With news of five deaths at the Madurai Government Rajaji Hospital (GRH) in Tamil Nadu, on Tuesday, rocking the state, a doctor serving at the GRH, who did not wish to be identified, told The Federal that the battery back-ups to ventilators had failed and that likely led to three of the five deaths at the hospital on the night of Tuesday, May 7. He said that the battery back-ups have failed in the past and the hospital has a procedure in place to replace the mechanical ventilators with a hand-operated one. But on Tuesday night, the hospital was unable to carry this out.
Another member of the staff privy to the developments independently affirmed that this was the case. Relatives of patients had earlier in the day on May 8 talked about ventilators conking off.
A doctor who earlier had served at the GRH and was later transferred to another government hospital elsewhere in the state said this was indeed a problem in Madurai and confirmed that the procedure for hand-held ventilators was the practice there.
‘There are two forms of backup’
A retired government doctor who served for over 30 years in the sector said that even as many government hospitals have backups for high priority areas like the ICU, operation theatre and labour wards, the maintenance of the equipment is the question. The source said, “The backups have to be checked frequently and the inbuilt batteries in the ventilators have to be looked into to confirm their efficiency during times of emergency.” The source claimed that hand held ventilators were the practice almost 20 years in many set ups and that is not the case anymore. “Those days deaths happened during power cuts as they had to be pumped manually,” he added.
According to the doctor who is now serving in GRH, inbuilt batteries attached to the ventilators do not function properly. “Only very few ventilator batteries function properly here. So, the ventilators used for these three patients should be checked,” said the doctor.
The doctor also said that it is not possible to know from the autopsy report, if they died due to lack of oxygen. “In the autopsy report, it would just show the cause of death as the malfunctioning of the some vital parts of the body. Though it might be because of the lack of oxygen support to the parts of the body, it would not be directly attributed,” the doctor said.
‘They were responding well to treatment’
Of the five patients who died, three patients, Palaniamma of Dindigul; Ravichandran of Virudunagar; and Malliga from Madurai were being treated in the Intensive Care Unit of trauma ward of GRH. All three died between 6 pm and 7 pm, soon after the first power cut, caused by thunder, lightning and heavy rains. Of other two patients—one was brought dead and the other one was being wheeled in for treatment after 8pm, when power was being interrupted intermittently
Relatives of the deceased said that though all three were being treated for head injuries in the trauma ward, they were responding well to treatment.

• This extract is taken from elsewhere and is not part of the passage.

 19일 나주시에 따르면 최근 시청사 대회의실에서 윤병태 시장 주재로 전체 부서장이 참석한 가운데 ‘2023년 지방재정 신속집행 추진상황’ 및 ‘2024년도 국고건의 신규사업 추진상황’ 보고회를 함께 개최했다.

One of the relatives of Malliga said that though she was critically ill, she was on life support and was responding. “Only after the power cut, she suffered fits and we alerted the nurses there. As there was no duty doctors by that time, nurses rushed in to take an ECG and confirmed that she died,” Chandrasekar, a nephew of Mallika, said.
Mallika was moved to GRH recently after being treated for several days in a private hospital in Madurai. Chandrasekar admitted that she was critically ill at the time of admitting her in the hospital.

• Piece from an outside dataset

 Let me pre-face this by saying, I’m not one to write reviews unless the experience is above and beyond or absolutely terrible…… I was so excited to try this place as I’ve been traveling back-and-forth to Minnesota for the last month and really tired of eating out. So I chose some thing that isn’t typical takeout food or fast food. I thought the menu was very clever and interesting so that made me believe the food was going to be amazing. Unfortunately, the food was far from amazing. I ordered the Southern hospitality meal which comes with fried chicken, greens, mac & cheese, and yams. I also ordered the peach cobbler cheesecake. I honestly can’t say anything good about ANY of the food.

Similarly, P Pandimuniyappa, brother-in-law of Ravichandran, said the latter had sustained head injuries and was admitted to GRH on May 5. “Around 4.30 pm, he underwent a surgery and around 5 pm, his blood was tested. We were told he was stable and a procedure was fixed for 8 pm. But before that, around 6.30 pm, he suffered fits,” Pandimuniyappa said.
Ravichandran was being wheeled in for an ECG. “Even in the ECG centre, there was no power and I used my mobile torch,” Pandimuniyappa said. Adding that he did not want to make it an issue, he added that no such untoward thing must happen in the hospital.
Just a coincidence?
Dr K Vanitha, dean of GRH, told The Federal that the deaths and the power cuts were just a a co-incidence, adding that the ventilators were functioning even during the power cut.
“Only three died during the first power cut. All the three were critical and they also had cardiac arrest earlier. But, they were revived and were being monitored before they died,” Vanitha said, adding that nine patients were in the ventilator out of which six are stable.
The doctor who said battery backups had conked off told The Federal that malfunctioning did not strike all the ventilators.
‘Multiple deaths in ICU on a single day possible’
Dr Suresh Rao, head of department, critical care unit, Fortis Malar Hospital explains that the rate of ICU deaths is inconsistent depending on the number of high risk cases. “If the hospital accepts high risk cases then it is possible that a chain of deaths can happen in a short span. At a given time, some patients have a high Sequential Organ Failure Assessment (SOFA) Score. So if the patients had a high SOFA score they can die in a few hours’ time, provided we know what their morning condition was,” he added.
A study has shown that in ICUs, among the total number of admissions, around 20 per cent die, he said. He also added that the number of deaths have to be seen in proportion to the number of beds in the facility. The 15-bedded facility in GRH had 10 patients on life support.